We have one more week until break! WHEW! Between virtual teaching and a few long long months of my third trimester, I am exhausted! Good news: I am finishing up the book that I am writing with Florencia Henshaw! It won’t be ready for awhile since it will have to be edited etc, but I am thrilled about how it is coming together. Once that is put together (and the baby is here!), I am hoping that I will be able to focus a bit more back on the blog. Don’t expect anything TOO big- but hopefully I will publish something more than once a month. 🙂
Earlier this year, one of my colleagues mentioned Flippity, and it sounded great! (Then AnneMarie published this Flippity post and I thought- hmmm I should really check it out!) We are in the middle of reading El Ekeko in sixth grade, and I wanted to have a mini fun project for the week before break. I remembered those projects where students would create board games to represent a novel they were reading. However, most of the time was spent on things that didn’t necessarily show language growth or involve a ton of re-reading the book like creating and designing the game board and the game pieces. In this case, I have found that creating the game online focuses exactly on what you want it to- the questions and answers instead of the process of making the actual game!

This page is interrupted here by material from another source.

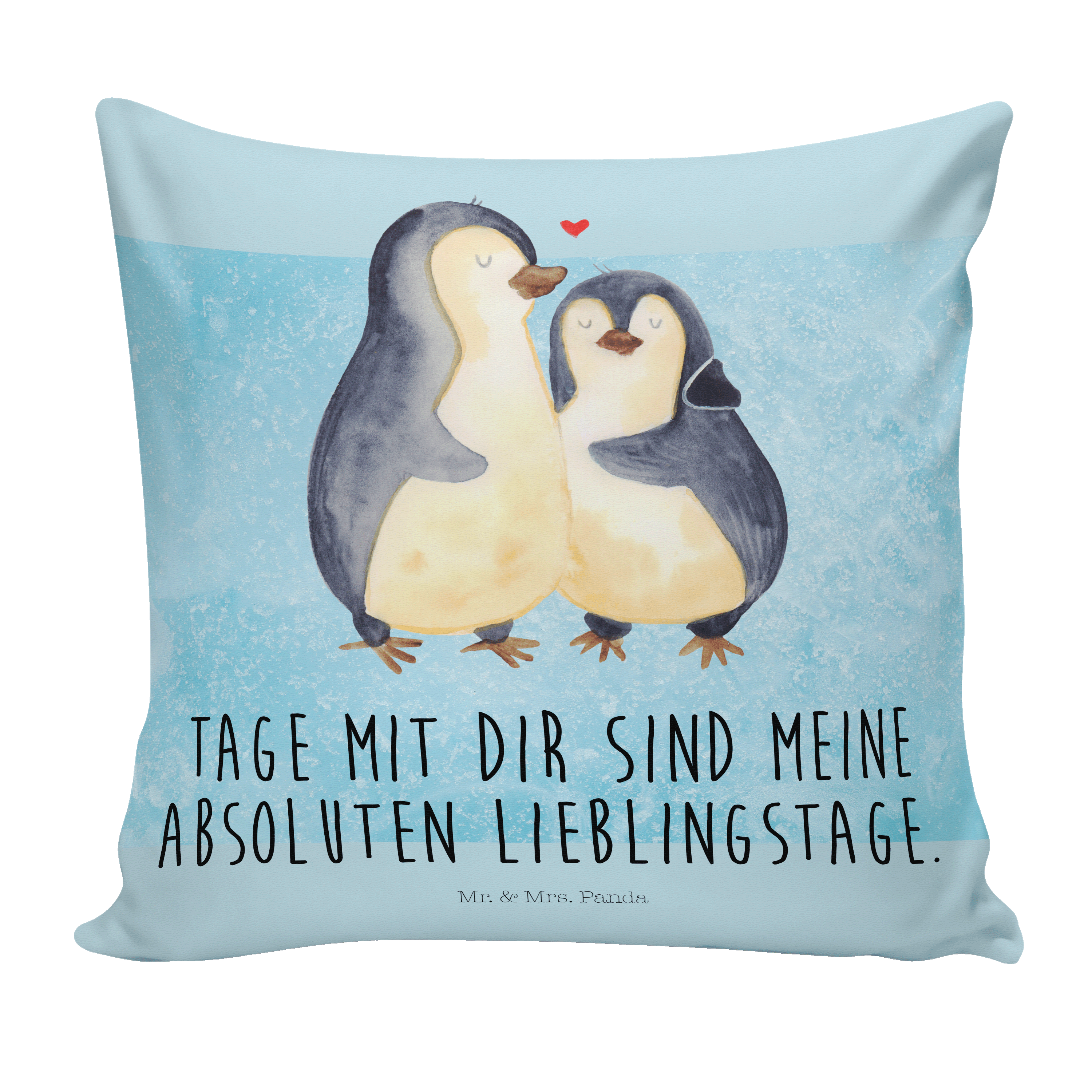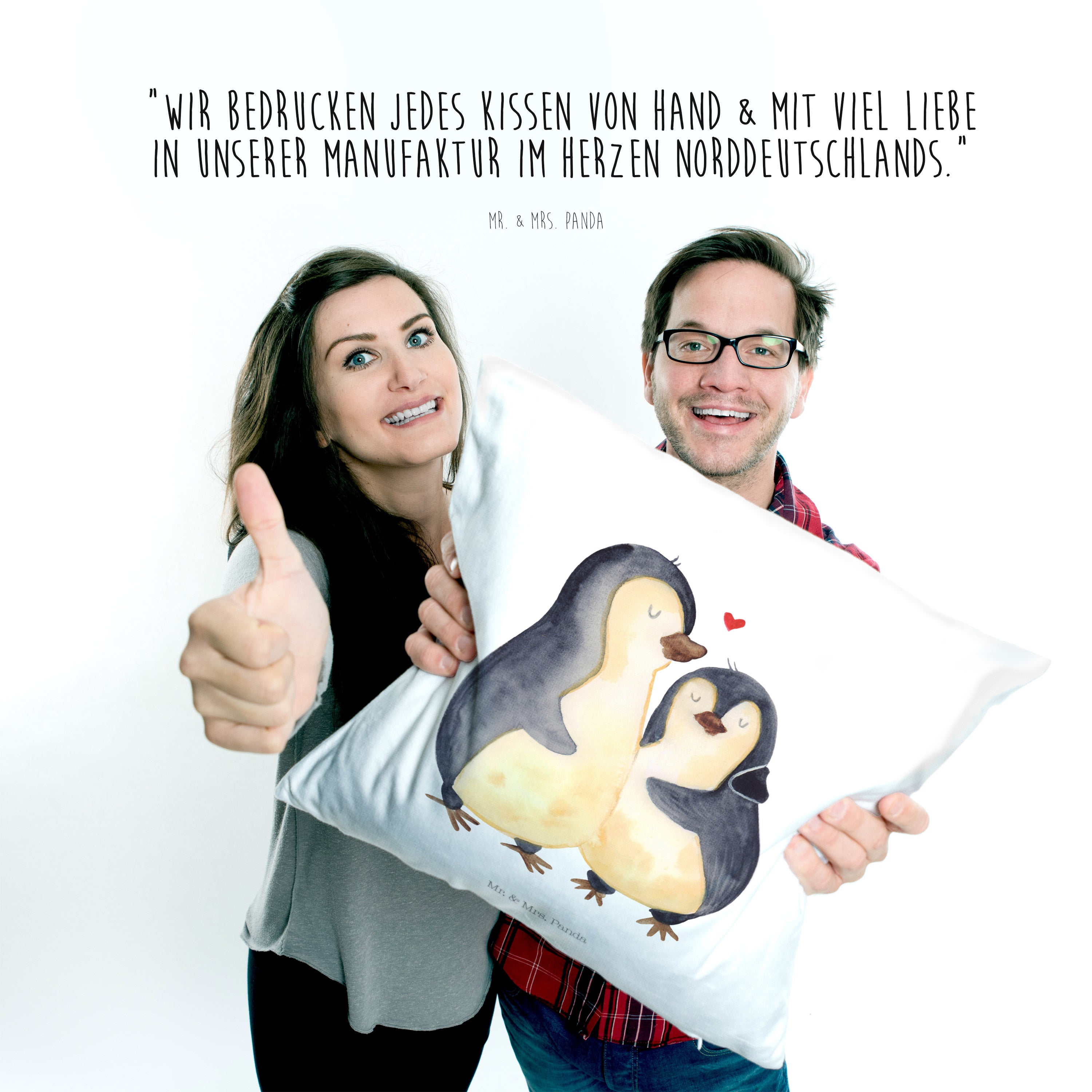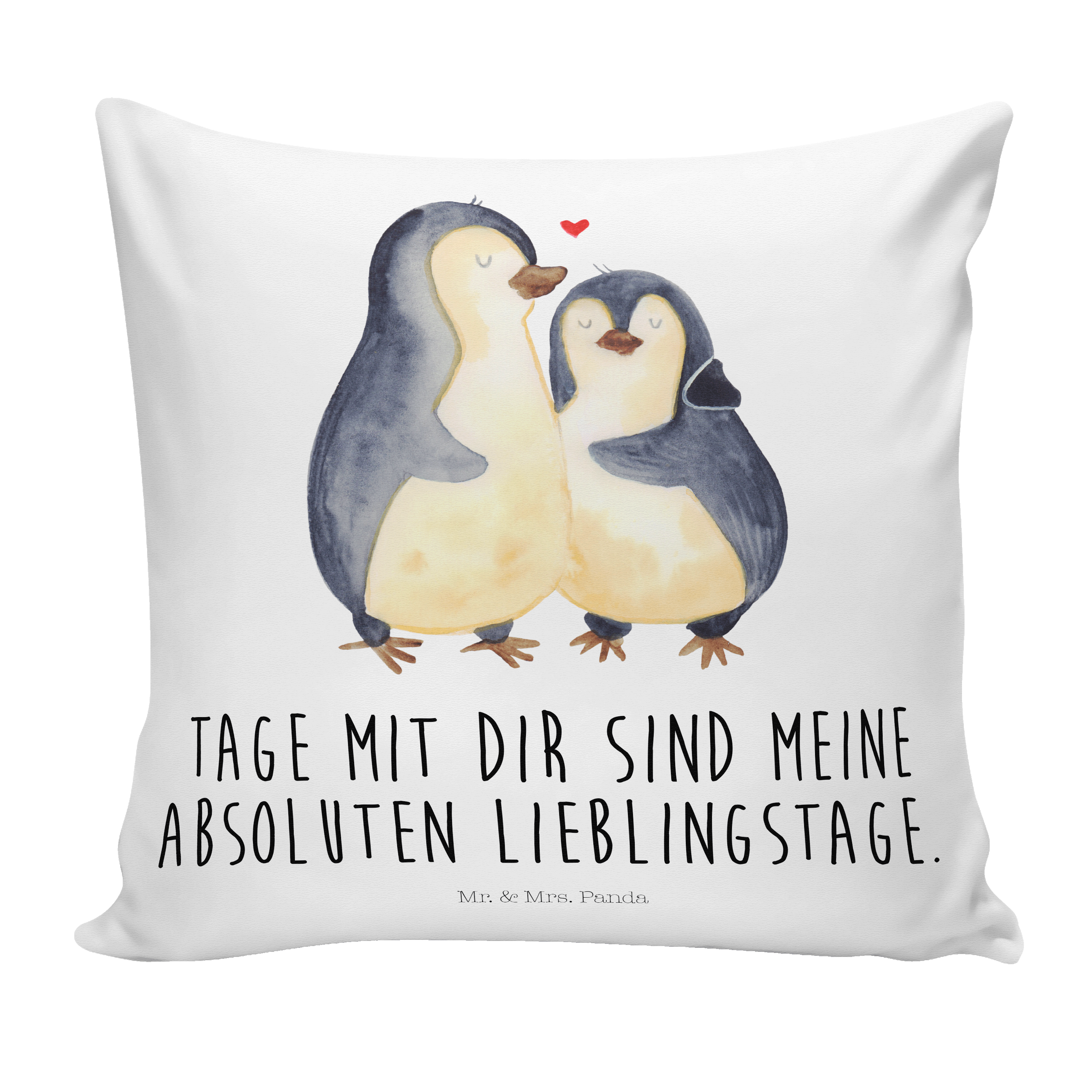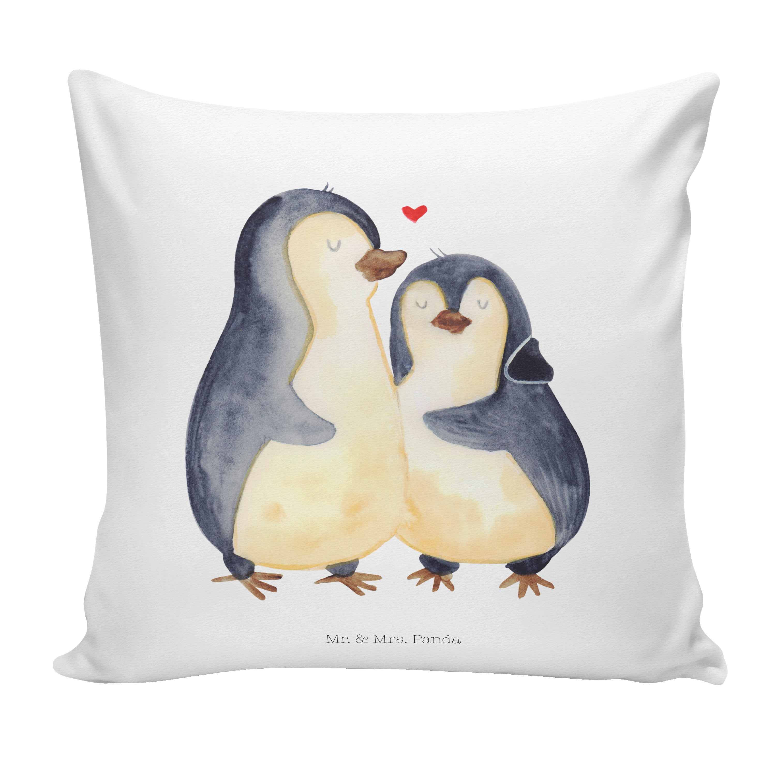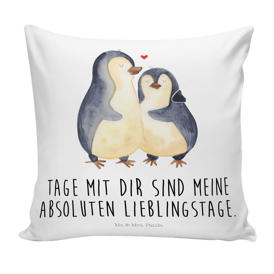40x40 Kissen Pinguin umarmend - mit Spruch - Weiß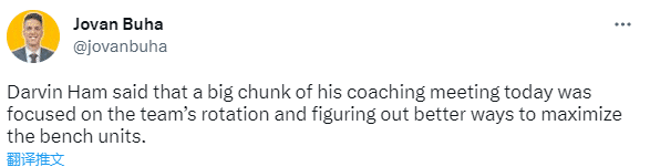 据名记Jovan Buha报道,哈姆透露今天湖人教练组开会的重点在于球队的阵容轮换上,找到最大化替补阵容的方法。

Next week, I will have my students work in break-out rooms and create the game using some Flippity templates/spreadsheets in one class then we can play their games the following class! I will have my students work in groups of 2-3. Luckily with Google spreadsheets, they can all edit it together! Flippity has created spreadsheets that students can edit (or teachers!) and then, the program creates the games. The website is here. (Looking for an overview on how to use it? Check this out!) I plan on making copies of the spreadsheets that they would need and then share those with them, so they don’t have to search around the website initially. I will share the options of a game board, quiz show and scavenger hunt. (Click on template and it will automatically make a copy for you!) Once they have the spreadsheet, they can easily write in their questions and answers on that.
In order to get the actual game link (at the bottom of the page on another tab), they have to “publish to the web.” I will have my students share the spreadsheet back with me, so I can do this step. Then, I can reshare the link with them. The day of games, the students can run the games themselves through Zoom with the link I share with them! I have a small class that I am trying this with, but if you have larger classes, you could also put them in breakout rooms to play. This would also be effective if you are in a hybrid model as there are no game pieces to touch.
Other options? This would also be a great review AFTER the winter break to get students to review the book again. (Looking for other ways that I reviewed books after break? Check out this post.) For my youngest students, I want them to submit questions via Seesaw, then I can create the game boards!